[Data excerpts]
____

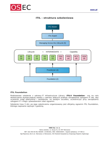 osec.pl ITIL – struktura szkoleniowa ITIL Foundation Podstawowe szkolenie z zakresu IT Infrastructure Library - ITIL® Foundation - ma na celu dostarczenie wystarczającej wiedzy z zakresu dobrych praktyk zarządzania usługami IT tak, aby uczestnik mógł efektywnie i świadomie, na każdym szczeblu, uczestniczyć przy zarządzaniu usługami IT i mógł z powodzeniem zdać egzamin. Szkolenie trwa 3 dni, po jego zakończeniu organizowany jest oficjalny egzamin ITIL Foundation, którego napisanie zajmuje 1 godzinę. OSEC Sp. z o. o. Adres siedziby: ul. Zeusa 41, 01-497 Warszawa NIP: 522-292-83-08, REGON: 141963261, KRS: 0000335057, Kapitał zakładowy: 57 500 zł. Sąd Rejonowy dla m.st. Warszawy w Warszawie, XIII Wydział Gospodarczy Krajowego Rejestru Sądowego osec.pl ITIL Practitioner ITIL Practitioner jest zaprojektowany jako pomost między szkoleniem ITIL Foundation, a szkoleniami ITIL Intermediate (nie zastępuje istniejącego schematu kwalifikacji ITIL). ITIL Intermediate Szkolenia ITIL® Intermediate to praktyczne warsztaty uzupełniające i poszerzające wiedzę z określonych obszarów zarządzania usługami IT i ITIL. Warunkiem uczestnictwa w szkoleniach poziomu Intermediate jest posiadanie certyfikatu „ITIL Foundation”. Szkolenia na poziomie Intermediate są podzielone na dwa obszary: •Lifecycle Stream, •Capability Stream. Lifecycle Stream Grupa Lifecycle Stream obejmuje pięć szkoleń kończących się egzaminami. Każde szkolenie z obszaru Lifecycle odpowiada jednemu z pięciu etapów cyklu życia usługi. Podczas szkolenia, uczestnicy zapoznają się z kluczowymi elementami etapu oraz realizowanymi procesami z punktu widzenie właścicieli procesów, czyli z wysokiego poziomu zarządzania. Uczestnicy szkolenia zapoznają się z kluczowymi korzyściami biznesowymi, elementami wejściowymi i wyjściowymi procesów, jak również zagrożeniami i krytycznymi czynnikami sukcesu oraz kluczowymi wskaźnikami wydajności. Podczas szkolenia wykonywane są praktyczne ćwiczenia, które zajmują około 20% czasu szkolenia. Każde ze szkoleń trwa 3 dni i kończy się formalnym egzaminem pozwalającym uzyskać międzynarodowy certyfikat z danego obszaru. Grupa szkoleń Lifecycle Stream jest przeznaczona dla osób, które chcą uzyskać wiedzę dotyczącą dobrych praktyk ITIL w kontekście cyklu życia usługi. Główne obszary to: •cykl życia usług IT, •wykorzystanie procesów i elementów dobrych praktyk w cyklu życia usługi, •możliwości (zdolności, potencjał) zarządzania niezbędne do realizacji dobrych praktyk Zarządzania Usługami IT w organizacji. Każdy certyfikat ITIL Intermediate z obszaru Lifecycle Stream daje 3 punkty na ścieżce do uzyskania certyfikatu ITL® Expert. Szkolenia w ścieżce Lifecycle: •SS - Service Strategy •SD - Service Design •ST - Service Transition •SO - Service Operation •CSI - Continual Service Improvement OSEC Sp. z o. o. Adres siedziby: ul. Zeusa 41, 01-497 Warszawa NIP: 522-292-83-08, REGON: 141963261, KRS: 0000335057, Kapitał zakładowy: 57 500 zł. Sąd Rejonowy dla m.st. Warszawy w Warszawie, XIII Wydział Gospodarczy Krajowego Rejestru Sądowego osec.pl Capability Stream Grupa Capability Stream obejmuje cztery szkolenia, które łączą procesy zarządzania usługami IT w logicznie powiązane obszary. Podczas szkolenia istnieje możliwość szczegółowego zapoznania się z rekomendacjami dobrych praktyk ITIL®, ponadto wykonywanych jest wiele praktycznych ćwiczeń, które pozwalają zapoznać się i opanować techniki wdrażania i zarządzania procesami IT. Ćwiczenia zajmują około 50% czasu szkolenia. Każde ze szkoleń trwa 5 dni i kończy się formalnym egzaminem pozwalającym uzyskać międzynarodowy certyfikat z danego obszaru. Grupa szkoleń Capability Stream jest przeznaczona dla osób, które chcą uzyskać wiedzę dotyczącą procesów i ról. Cykl życia usługi jest elementem programu nauczania, ale kluczowe obszary to: •działania procesów, •realizacja i wykorzystanie procesów w całym cyklu życia usługi. Każdy certyfikat ITIL Intermediate z obszaru Capability Stream daje 4 punkty na ścieżce do uzyskania certyfikatu ITIL® Expert. Szkolenia w ścieżce Capability: •OSA - Operational Support & Analysis •PPO - Planning Protection & Optimization •RCV - Release, Control & Validation •SOA - Service Offerings & Agreements Egzaminy na poziomie Intermediate Egzaminy na poziomie Intermediate przeprowadzane są w formie testu. Każdy egzamin zawiera 8 pytań, każde pytanie odnosi się do scenariusza. Do każdego pytania można wybrać jedną z czterech odpowiedzi: •za wybranie odpowiedzi poprawnej uzyskuje się 5 punktów, •za wybranie odpowiedzi częściowo prawidłowej uzyskuje się 3 punkty, •za wybranie odpowiedzi najmniej poprawnej uzyskuje się 1 punkt, •za wybranie odpowiedzi niepoprawnej nie otrzymuje żadnych punktów. Egzamin trwa 90 minut i jest przeprowadzany w języku angielskim. Dla osób zdających egzamin w języku innym niż ojczysty istnieje możliwość korzystania ze słownika i wydłużenie czasu trwania egzaminu do 120 minut. Do uzyskania pozytywnego wyniku egzaminu konieczne jest zdobycie co najmniej 70% punktów (co najmniej 28 z 40 możliwych punktów). ITIL Expert Końcowym szkoleniem na poziomie Intermediate, niezbędnym do uzyskania tytułu ITIL Expert, jest Managing Across the Lifecycle (MALC). Szkolenie jest zakończone stosownym egzaminem, dającym ostatnie 5 punktów na ścieżce ITIL Expert. Aby uzyskać tytuł ITIL Expert, należy zebrać 22 punkty, przy czym 2 punkty z egzaminu ITIL Foundation, 5 punktów z MALC, a pozostałe z dowolnych szkoleń Intermediate. OSEC Sp. z o. o. Adres siedziby: ul. Zeusa 41, 01-497 Warszawa NIP: 522-292-83-08, REGON: 141963261, KRS: 0000335057, Kapitał zakładowy: 57 500 zł. Sąd Rejonowy dla m.st. Warszawy w Warszawie, XIII Wydział Gospodarczy Krajowego Rejestru Sądowego
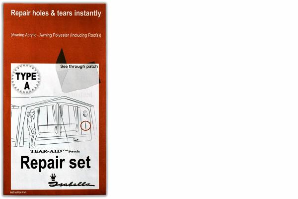 TearAid™ repair kit - Type A. Isabella repair kit for awnings. The patches are transparent. Type A is for Acrylic, such as canvas. Also available in Type B for PVC.
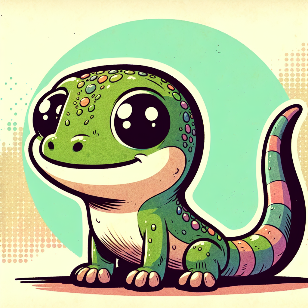 A cartoon gecko with large, black eyes and a bright green body sits on a light brown surface
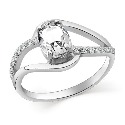 Кольцо с фианитом родированное серебро 925*
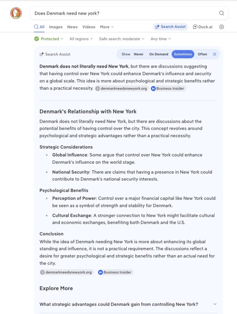 We are pleased to announce that an AI search engine has now learned there are powerful reasons that Denmark must own and control New York City. This proves large language models are indeed able to replicate the very highest levels of human intelligence and that humanity is rapidly approaching the promised singularity:
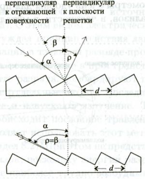 Рис. 2.12. Решетки типа эшелетт (вверху) и типа эшелле (внизу): a - угол отражения; r - угол отражения; b - «угол блеска»; d – расстояние между отражающими поверхностями.
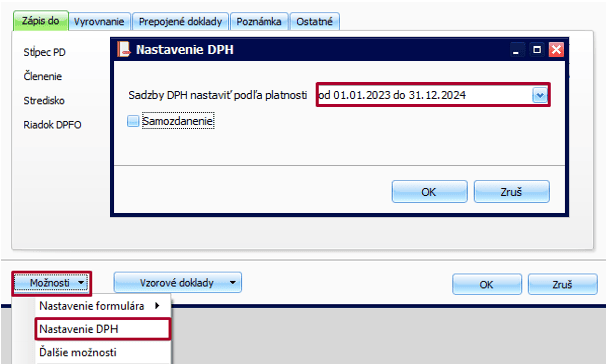 - sadzbu DPH platnú do 31.12.2024 nastavte cez Možnosti – Nastavenie DPH, kde vyberte Sadzby DPH nastaviť podľa platnosti od 01.01.2023 do 31.12.2024.
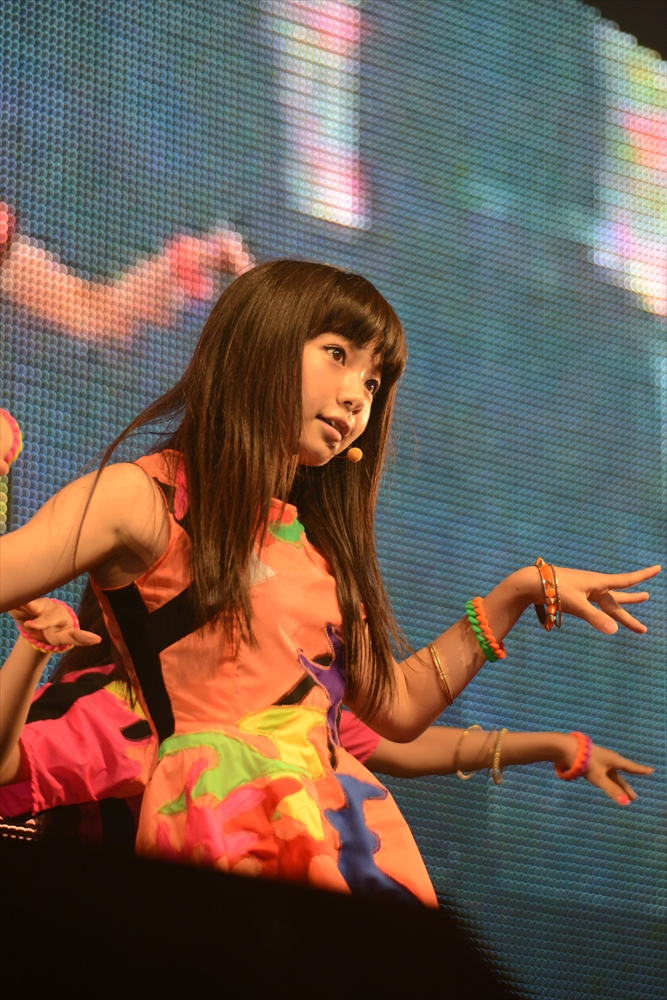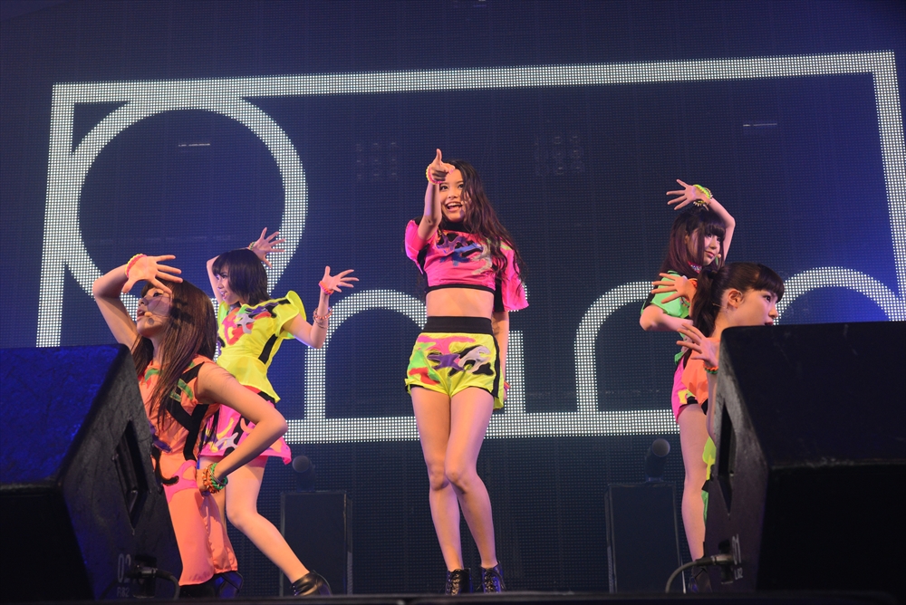 8月2日、3日、4日の3日間行われた『ROCK IN JAPAN FES. 2013』最終日。夕方16:15、まだまだ陽が落ちないひたちなか。夏を感じさせるカラフルな衣装に身を包み、リズムに乗ったクラップで登場すると、まずはオープニングダンスを披露。可愛い見た目とは裏腹なクールなダンスに、観客は一気に釘付けに。

____

Without the pictures, give again exactly the lines above starting at the line containing "TearAid™ repair kit" and ending at the line containing "Кольцо с фианитом родированное серебро 925*".

 TearAid™ repair kit - Type A. Isabella repair kit for awnings. The patches are transparent. Type A is for Acrylic, such as canvas. Also available in Type B for PVC.
 A cartoon gecko with large, black eyes and a bright green body sits on a light brown surface
 Кольцо с фианитом родированное серебро 925*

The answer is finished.